Literary Buffistas 3: Don't Parse the Blurb, Dear.
There's more to life than watching Buffy the Vampire Slayer! No. Really, there is! Honestly! Here's a place for Buffistas to come and discuss what it is they're reading, their favorite authors and poets. "Geez. Crack a book sometime."
So you recommend it, Connie? Worth the $.99?
I found it very charming as I was working on it, and there were elements that I wish I'd written. Yes, for $.99.
Plus it's been through another editing pass since I worked on it.
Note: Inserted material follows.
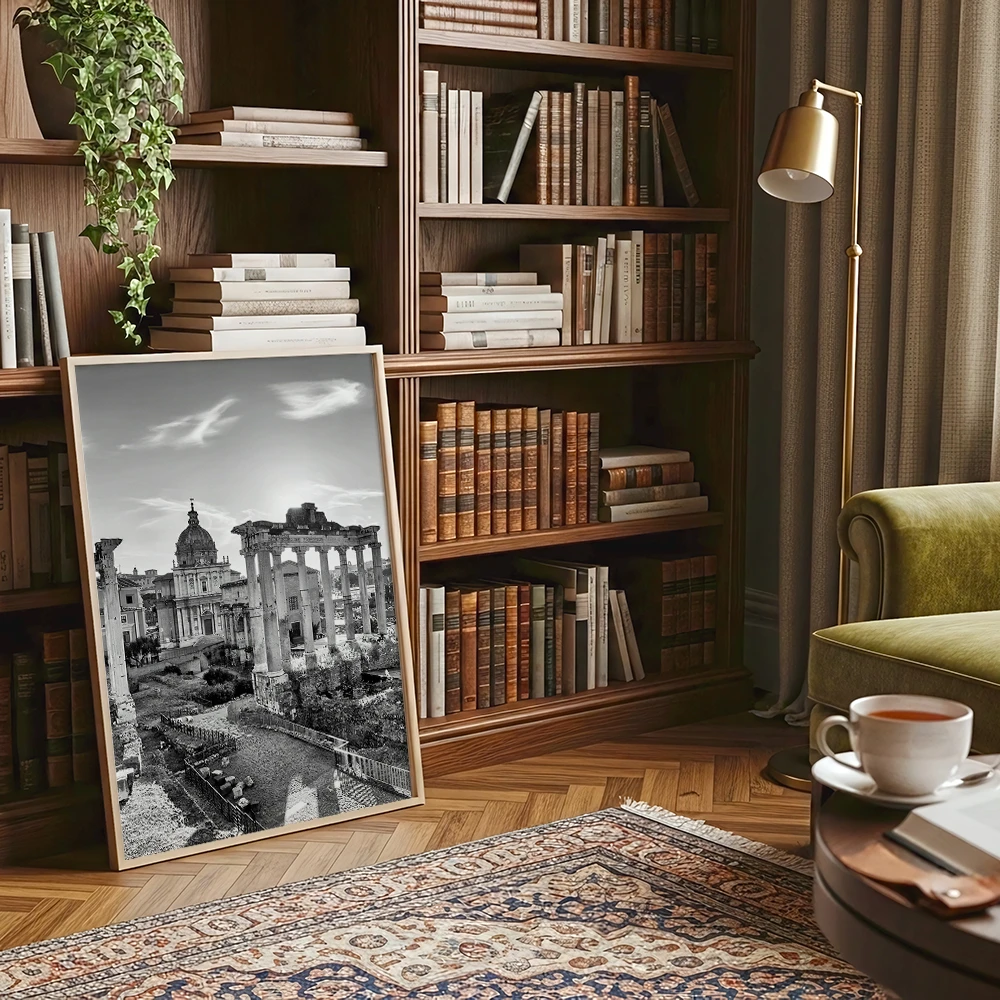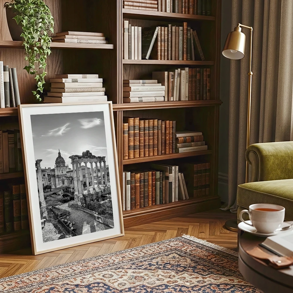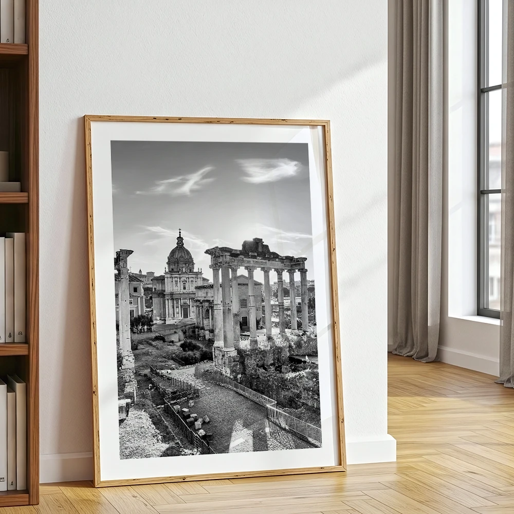 Plakat Rzym - Forum Romanum w czerni i bieli świetnie sprawdzi się w salonie, gabinecie, bibliotece lub sypialni. Pasuje do aranżacji nowoczesnych, klasycznych, loftowych i minimalistycznych, szczególnie tam, gdzie liczy się fotografia, detal i dekoracja z wyraźną tożsamością.

I recently finished Louise Penny's Bury Your Dead, and I loved it. It's set in Quebec, and it juggles four mysteries deftly, with plot and character development. I'm now going through everything else she's written that the library has. It's not terribly light, but it's very compelling. I'd strongly recommend it.
Ooo, I read her "Still Life" at the beach, Calli, and really enjoyed it. Had borrowed it from my mom.
Oh, I read not that book but one in the series, I think. Still Life, maybe? Really liked it, not remembering the title notwithstanding.
I finished Elizabeth Bear's Eternal Sky trilogy last night, with Steles of the Sky. You know, it was really well-done. I don't know why I didn't find it more moving. But I did like it a lot: it's quite creative, and there's a ton of interesting women with their own agendas in it, in addition to various types of gender and sexuality expressed.
Plus, it's a massive epic fantasy that culminates in an enormous battle with mastodons, rocs, ghouls, demons, Shaolin monks, and thousands of Mongol warriors mounted on multi-colored horses.
So I guess I did like it. Definitely recommended.
All my Elizabeth Enright's are here. I am happily hunkered down in post-war New York City. And the stories hold up; this is one childhood pleasure that's held up.
I meant to say earlier that I reread the Melendys (except for Spiderweb for Two, which was some sort of dreadful anomaly) and the Gone-Away Lake books every few years and they hold up beautifully. The girls have agency. There's very little in the way of set gender roles. They face real problems and solve them.
Do today's children read them? I think they do fine as historical fiction.
I got hardcovers of Four-Story Mistake and Gone-Away Lake. The cover of Gone-Away is the one I remember reading. Glee!! And the paperback re-issues have the same illustrations.